For my current project I searched for a good boost power converter which is able to deliver continuous 400mA power for various sensors.
There are an endless number of good boost converters around, but not many can be hand soldered to a board. I would really like to see some like the TPS61092
with SOIC or similar packages. The biggest problem seems to be the heat transport, why most chips have to be mounted flat on the board.

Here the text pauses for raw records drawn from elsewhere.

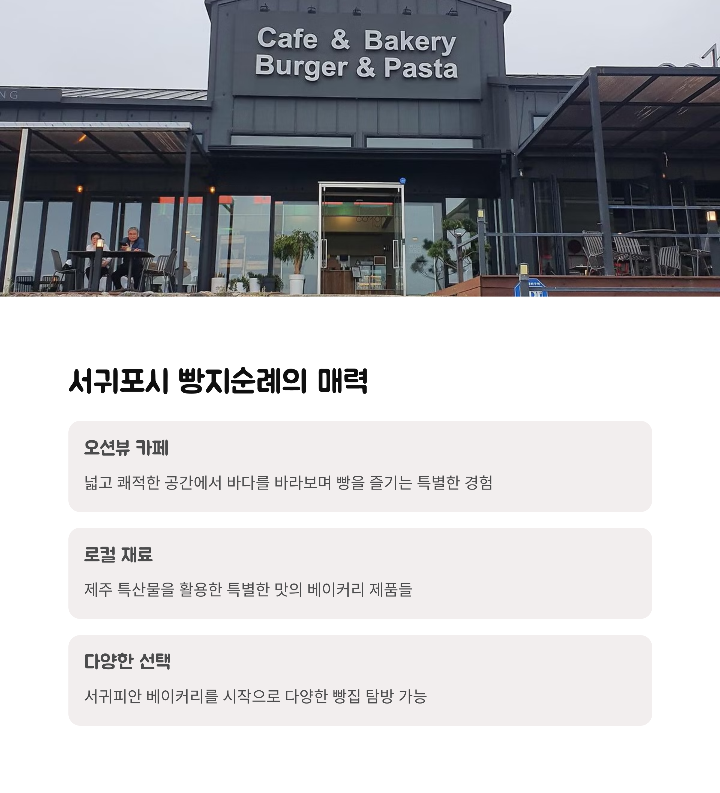 서귀포 성산의 인기 베이커리 | 여유롭고 탁 트인 뷰가 특징 | 제주시까지 확장 가능한 코스 |
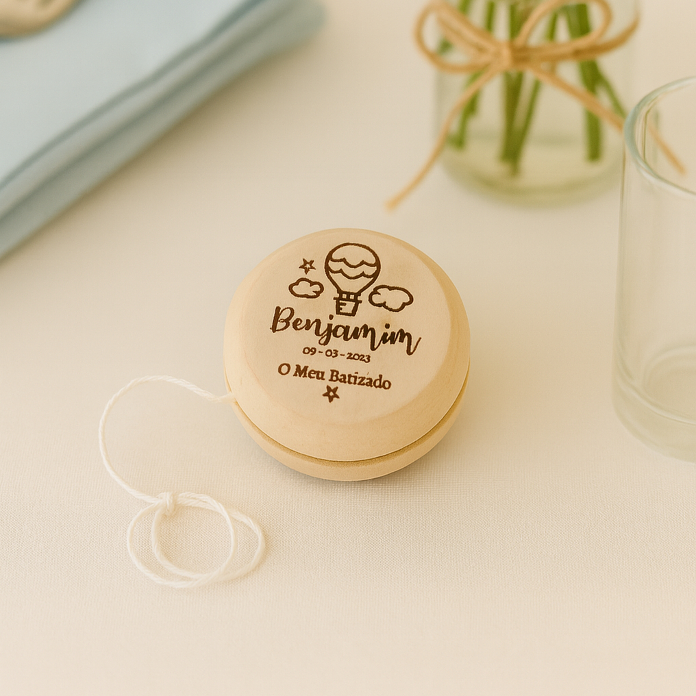 Uma lembrança original e divertida para marcar um dia especial! Este Yo-Yo em madeira natural é polido com acabamento suave, perfeito para oferecer como recordação num batizado, comunhão ou aniversário infantil. A gravação personalizada com o nome e data da cerimónia transforma este pequeno brinquedo num símbolo cheio de ternura e memórias.
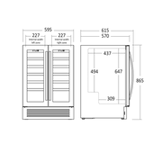 • Utvendige mål (HxBxD): 865 x 595 x 570 mm
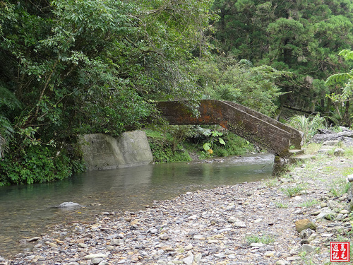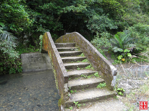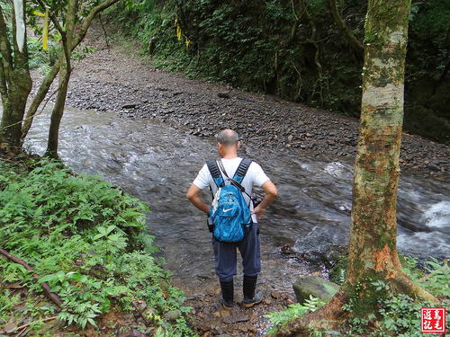 步道口進入約走7-8分,至第一越溪處,因連日下雨感覺水勢不小,Fuli老神在在不疾不徐率先通過,我緊跟在後,但因涉水動作稍大,
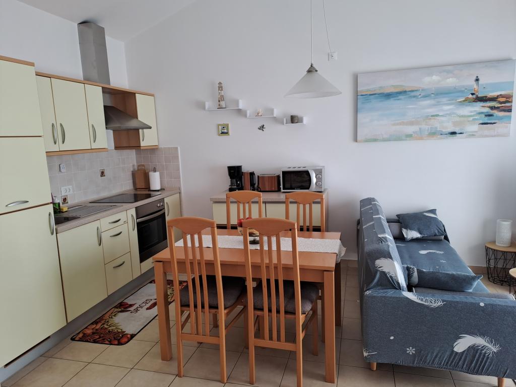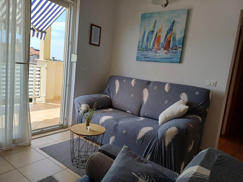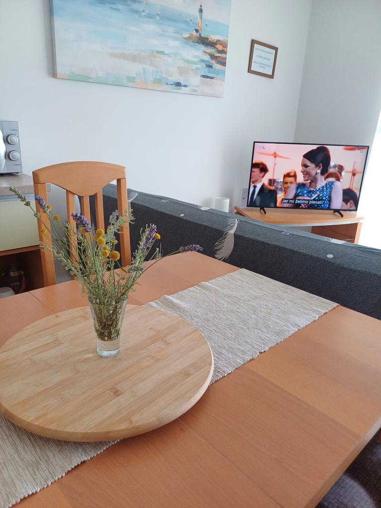 Apartment Nina is located in a quiet part of the city of Novigrad, in the Šaini district, on a gentle hill with a beautiful view of the city and the sea. The apartment is located on the second floor of the building and consists of an entrance hall, kitchen with dining room, living room, two bedrooms and a bathroom. In the kitchen there are household appliances and aids even for the most demanding. The air-conditioned living room provides relaxation with smart TV and WiFi. There is a double bed in the large bedroom, and two beds in the small room. The second air conditioner is located between the two rooms. The most beautiful part of the apartment is the terrace where you can enjoy your morning coffee with a view of the sea and the village, or the evening sunset. You can use the grill, which is located in the yard. In addition to the apartment, we also offer the use of the swimming pool. You can complement your stay with a variety of sports, cultural, social and gastronomic events, which are many in Novigrad and its surroundings. Novigrad has excellent traffic connections with the whole of Istria.
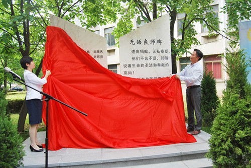 活动现场,丁晓燕和唐和祥共同为“无语良师”碑揭幕。
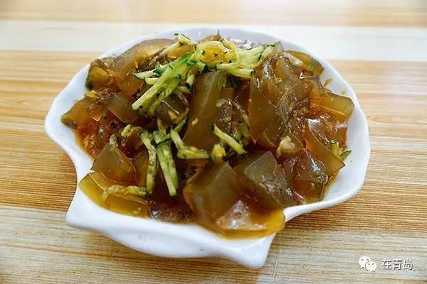 青岛特色凉粉口感清凉酸爽,切上黄瓜丝拍上蒜泥浇上香醋,入口即化,夏天吃会更有一番滋味。
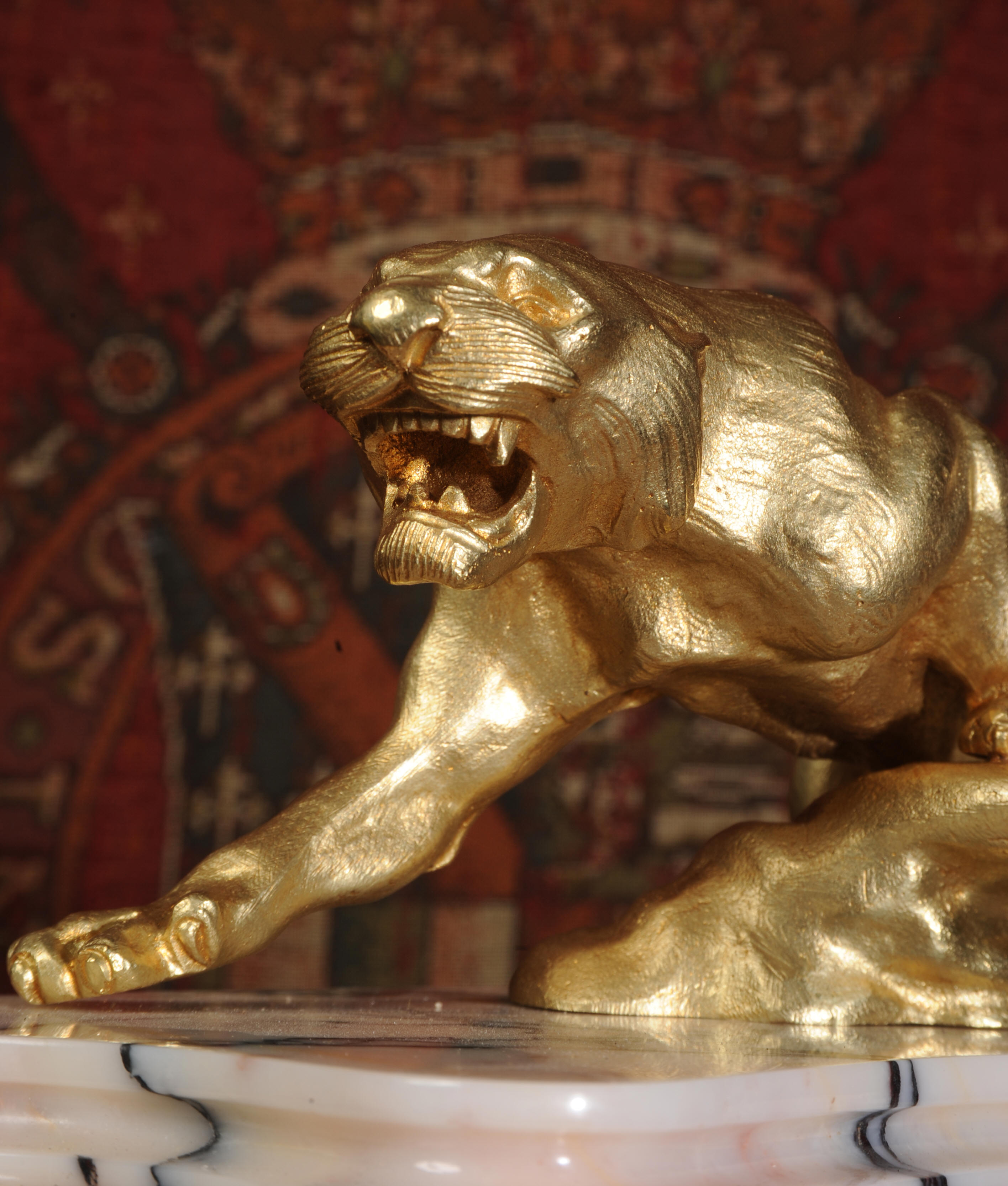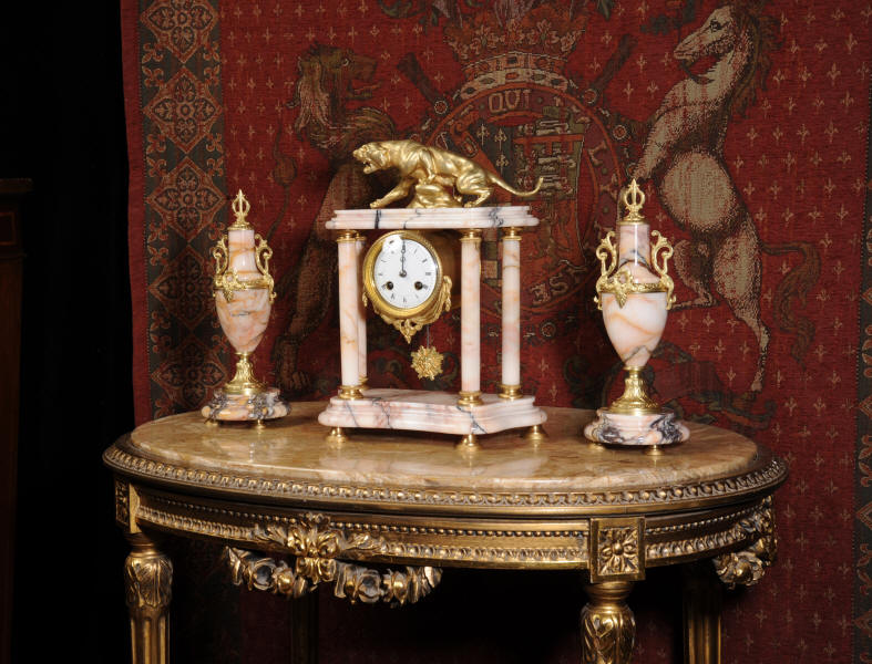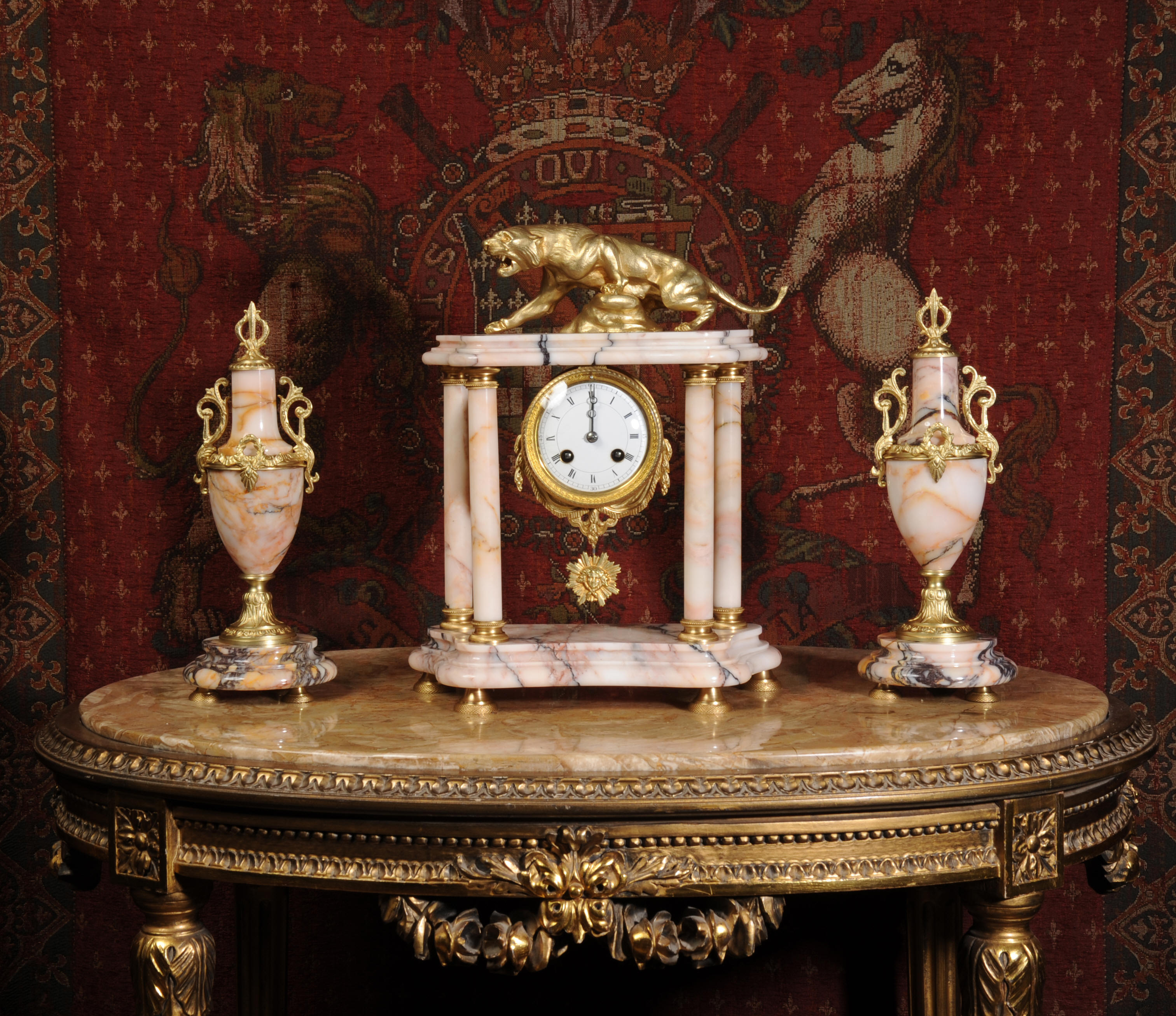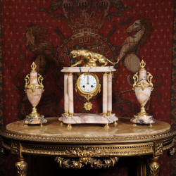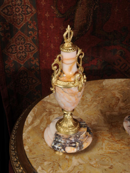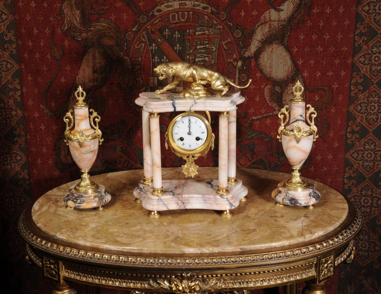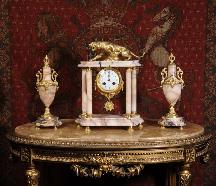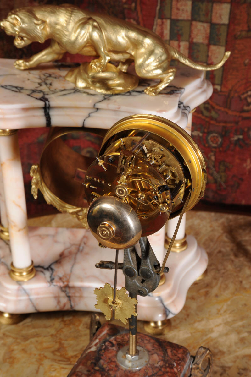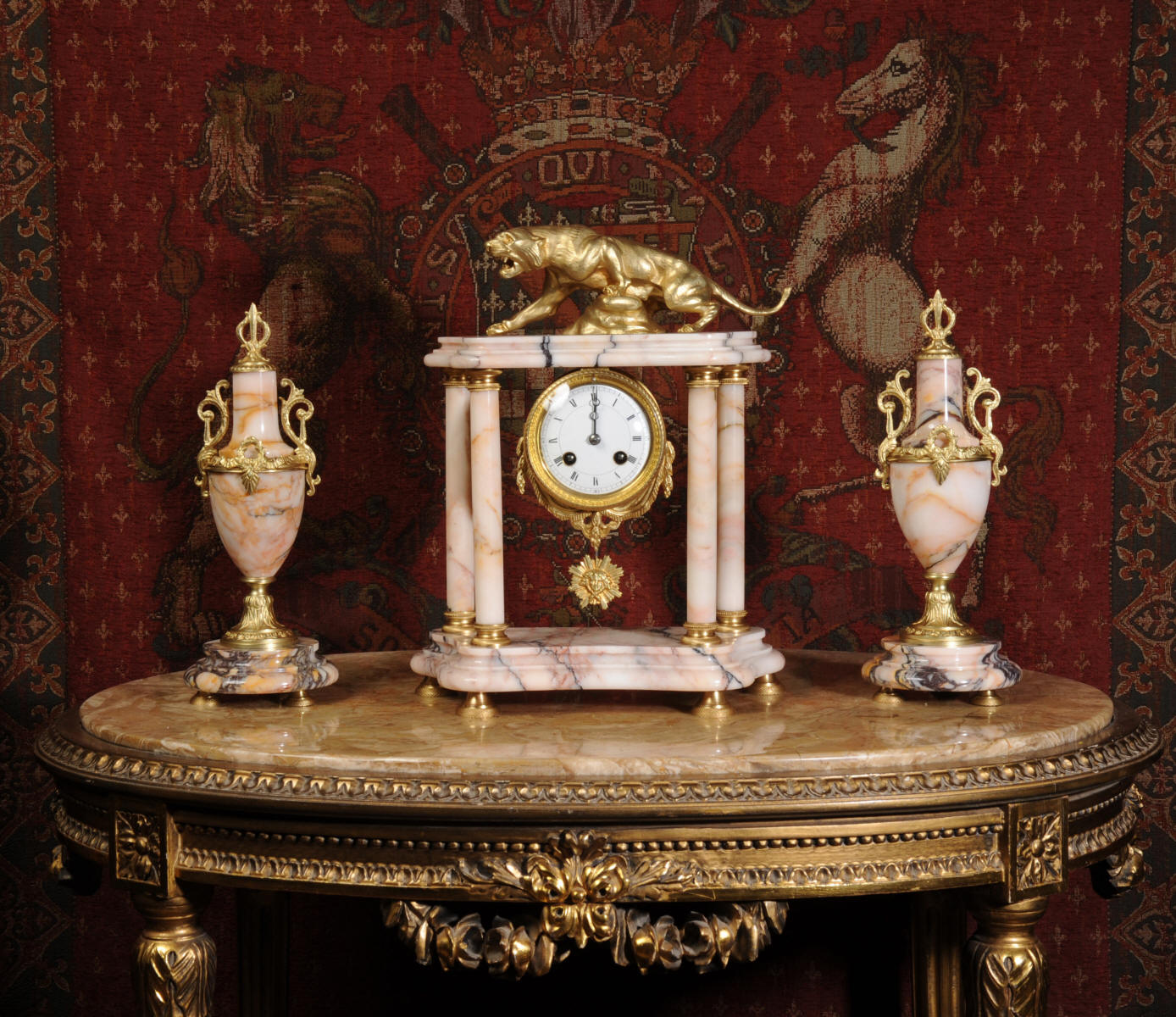 Condition of the case is excellent, the original gilding is beautifully clean and bright with hardly any wear or discolouration and there are no losses. The marble is also in good condition with a good polish. There are some occasional tiny nibbles to the edges. One urn has some hairlining along the grain of the stone. The cover of the other urn has a small chip that is hidden by the handle. The rear left hand column on the clock has a small chip top and bottom that are hardly noticeable. The dial is in excellent condition with just some faint hairlining.

Before using the chip in my project, I created a small test board. Using this board I can test various things. First I liked to test the performance under load. Next I tested if the chip can be hand soldered and finally I tested the final board layout I will use in my project.
Performance
The performance of this chip is really good, producing a very stable output. I designed everything for a load up to 2A with all suggested components from the specification. There will never be a higher load than 0.5A, so I probably could use a smaller coil for the final project.
Running under 0.5A load from 3.3V for over half an hour, the chip stays quite cold. Even in my case, where the chip bottom is not directly soldered to the board, it seems to be able to transfer the heat into the board. This is nicely visible in the thermal image of the board.
The Board
The board was produced by OSH Park in a good quality. If you like to experiment with this chip, you can order this board very cheap at OSH Park using the following link.
You can find the BOM for this board here. The resistor R2
and LED1
are optional, all other components are required for the power converter to work.
IC1 Texas Instruments TPS61092RSAR L1 Panasonic ETQ-P3M6R8KVP LED1 Bivar SM0805GCL R1 KOA Speer RK73H2ATTD3303F R2 KOA Speer RK73H2ATTDD4701F C1 Vishay VJ0805G106KXQTW1BC C2 Vishay VJ0805V104ZXJCW1BC C3 Vishay VJ0805V225MXJTW1BC C4 AVX TAJC107K010TNJ
I routed all pins of the board to the connectors, so you can also test the battery level detection of the chip if you like. The image below shows the schema for this very simple board:
The schema lacks the correct labels for the connectors, see the silkscreen on the bottom of the board to see the meanings of the connectors.
The board looks great, especially the silk screen is incredible precise. All these labels are only 1mm in height. There is just a small misalignment between the copper layer and the solder mask (<0.05mm).
Soldering
Hand soldering this chip is no pleasant experience, nevertheless it is feasible. I designed the board to make hand soldering possible, keeping the connections between the pin pads of the chip to the copper fills small. This allows the solder iron to heat up the pad fast enough to melt the solder quickly.
I did all the chip soldering under a microscope, using additional flux to make sure the solder quickly connected to the chip pads.
All other components are very simple to solder. The pads for the capacitor C4
are a little bit too small for hand soldering, you have to center this capacitor carefully.
If you have questions, miss some information or just have any feedback, feel free to add a comment below.
Have fun!
Doing reflow in a toaster oven or hot plate, or just getting a cheap hot air tool, is really not a big deal. But, if insistent on not using one of those, you can simply expose a small bit of the copper pad on the back side of the PCB so that it’s solderable. Add solder to saturate the vias and have a bit of excess on both sides, including a slight “bump” on component side, then flux it, place and hold the chip aligned and apply the iron to the backside to reflow the solder through the board. When the bump reflows fully, the chip will sit down on the board. Yes, it’s a little tricky, but it allows doing assembly or rework with no special tools. Of course, for removal you still may need hot air, but some removal alloy or careful use of a standard heat gun can help.
Hi John,
I use hot air for soldering a lot. It is indeed no big deal and especially for chips, I prefer hot air soldering over hand soldering.
For a current project, I just like to create it in a way, people can build it with a solder iron. This is the reason why I search for a solution which can be hand soldered.
You idea is very nice, I just recently found a design with a “large” hole under a similar chip, which is just filled with solder. I will have to try this with another test board.